Second, corporations should explore introducing compensation arrangements that acknowledge and encourage adherence to ethical conduct. Per the updated directives, prosecutors will assess and factor in these incentive mechanisms when determining penalties. Companies can integrate incentives into compensation frameworks by linking promotions to the enhancement and cultivation of a robust compliance program, showcasing ethical leadership, integrating compliance metrics that directly impact bonuses, ensuring that advancing in one’s career necessitates a commitment to compliance promotion, or deferring or setting aside compensation linked to behaviors aligned with company policies.
Third, corporations should proactively integrate punitive measures within their compensation frameworks.

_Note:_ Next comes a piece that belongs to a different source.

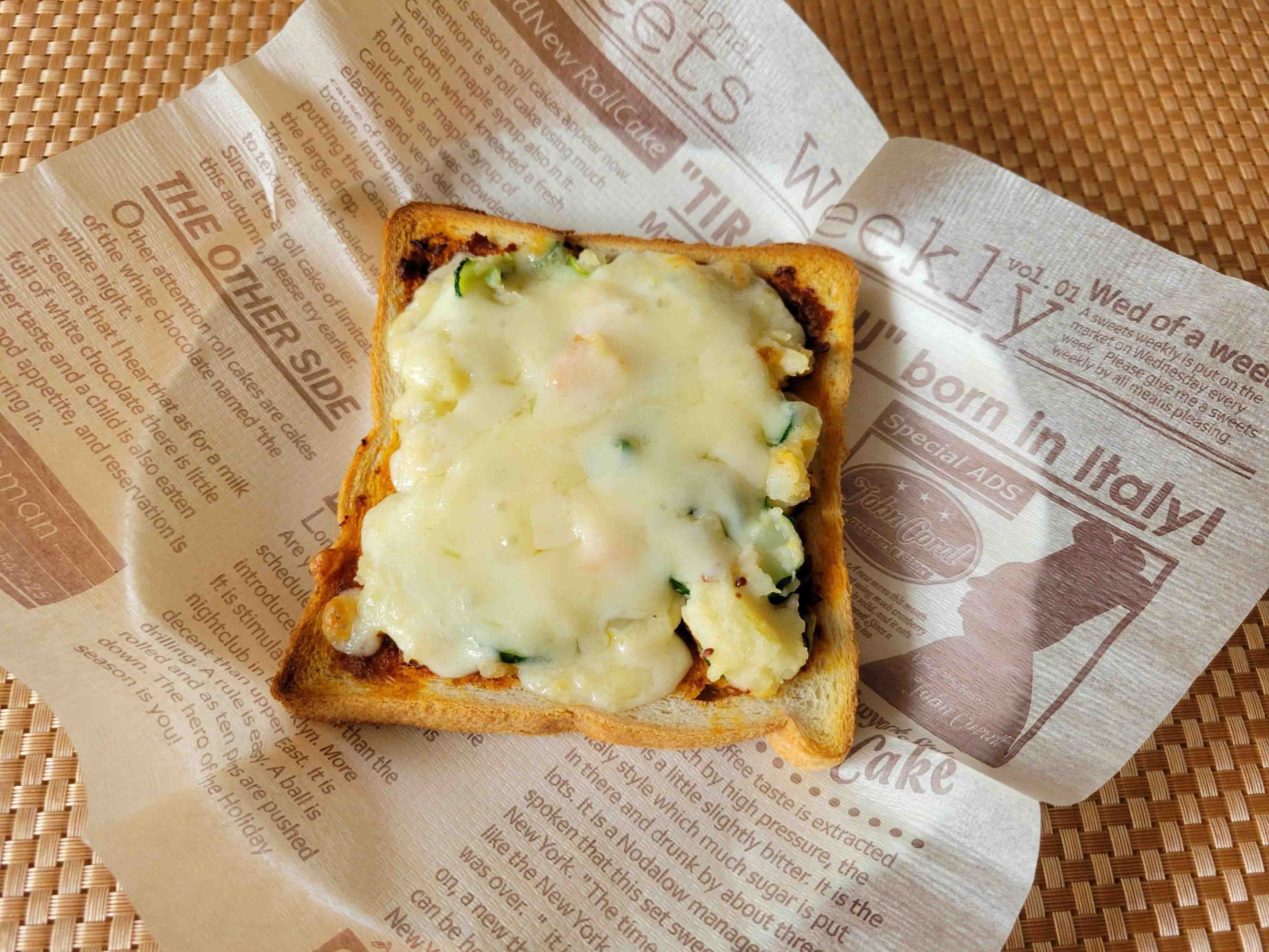 こちらは、食パンに食べるガラムマサラを塗ってポテトサラダとチーズをのせてトーストしたもので、朝食や補食にピッタリ。食べるガラムマサラ+チーズも相性抜群です。

This involves creating a platform for whistleblowers, introducing clawback for previously disbursed remuneration in employee agreements, and expanding the definition of “just cause” to encompass legal breaches.
In other words corporations will have the opportunity to lessen criminal penalties by clawback, or making sincere efforts to clawback compensation from those involved in wrongdoing and their superiors. Any funds successfully recovered during this exercise by corporations can be retained by them.
Final Thoughts
These strategies can be conveyed to employees through thorough training sessions. Companies must repeatedly demonstrate their dedication to upholding these guidelines to limit risk exposures. While the Department of Justice’s focus on individual responsibility is not new, the precise directives on employee remuneration are a new dimension. Adapting compliance frameworks to align with DOJ’s focal points will not only enhance the efficacy of prevention but will also prove vital in minimizing penalties in the event of a breach.